▶ _Brief_:
Please copy the listing that follows exactly, leaving out any pictures.

▶ _Stored data_:

Content starts

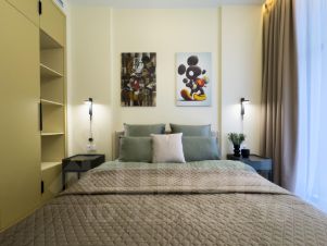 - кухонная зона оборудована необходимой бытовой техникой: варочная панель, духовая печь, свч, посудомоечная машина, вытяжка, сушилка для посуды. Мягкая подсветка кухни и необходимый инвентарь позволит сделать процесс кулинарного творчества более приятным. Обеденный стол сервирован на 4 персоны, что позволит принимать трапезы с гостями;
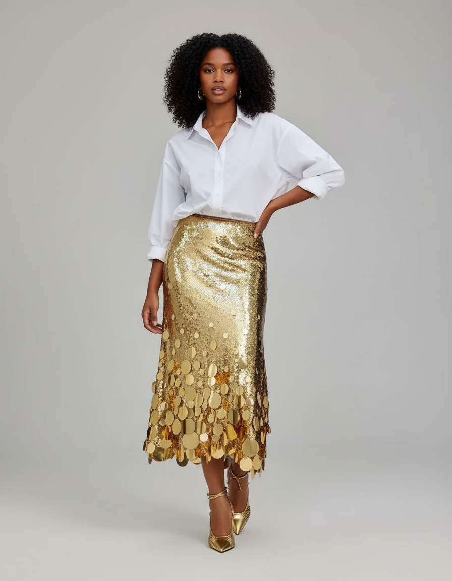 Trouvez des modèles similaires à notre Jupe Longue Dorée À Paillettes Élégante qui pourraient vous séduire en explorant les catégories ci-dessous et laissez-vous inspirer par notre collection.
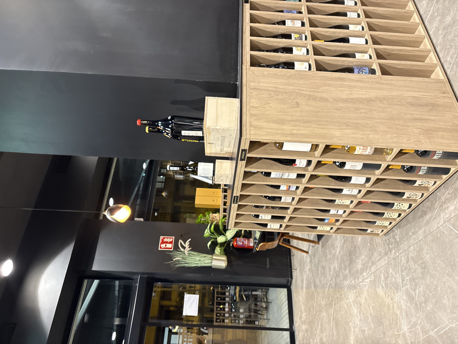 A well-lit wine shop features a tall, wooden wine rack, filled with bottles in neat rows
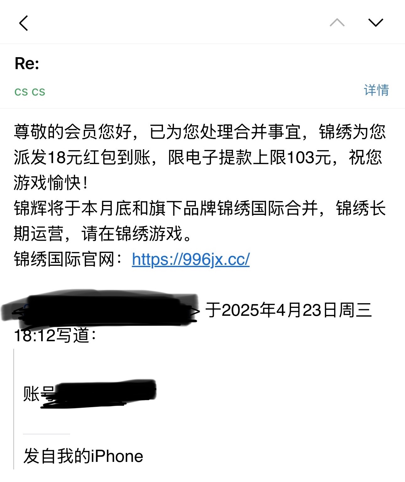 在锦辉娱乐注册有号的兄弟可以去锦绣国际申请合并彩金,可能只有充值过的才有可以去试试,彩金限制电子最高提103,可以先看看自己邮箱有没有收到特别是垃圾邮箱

Content ends

▶ _Task solution_:
 - кухонная зона оборудована необходимой бытовой техникой: варочная панель, духовая печь, свч, посудомоечная машина, вытяжка, сушилка для посуды. Мягкая подсветка кухни и необходимый инвентарь позволит сделать процесс кулинарного творчества более приятным. Обеденный стол сервирован на 4 персоны, что позволит принимать трапезы с гостями;
 Trouvez des modèles similaires à notre Jupe Longue Dorée À Paillettes Élégante qui pourraient vous séduire en explorant les catégories ci-dessous et laissez-vous inspirer par notre collection.
 A well-lit wine shop features a tall, wooden wine rack, filled with bottles in neat rows
 在锦辉娱乐注册有号的兄弟可以去锦绣国际申请合并彩金,可能只有充值过的才有可以去试试,彩金限制电子最高提103,可以先看看自己邮箱有没有收到特别是垃圾邮箱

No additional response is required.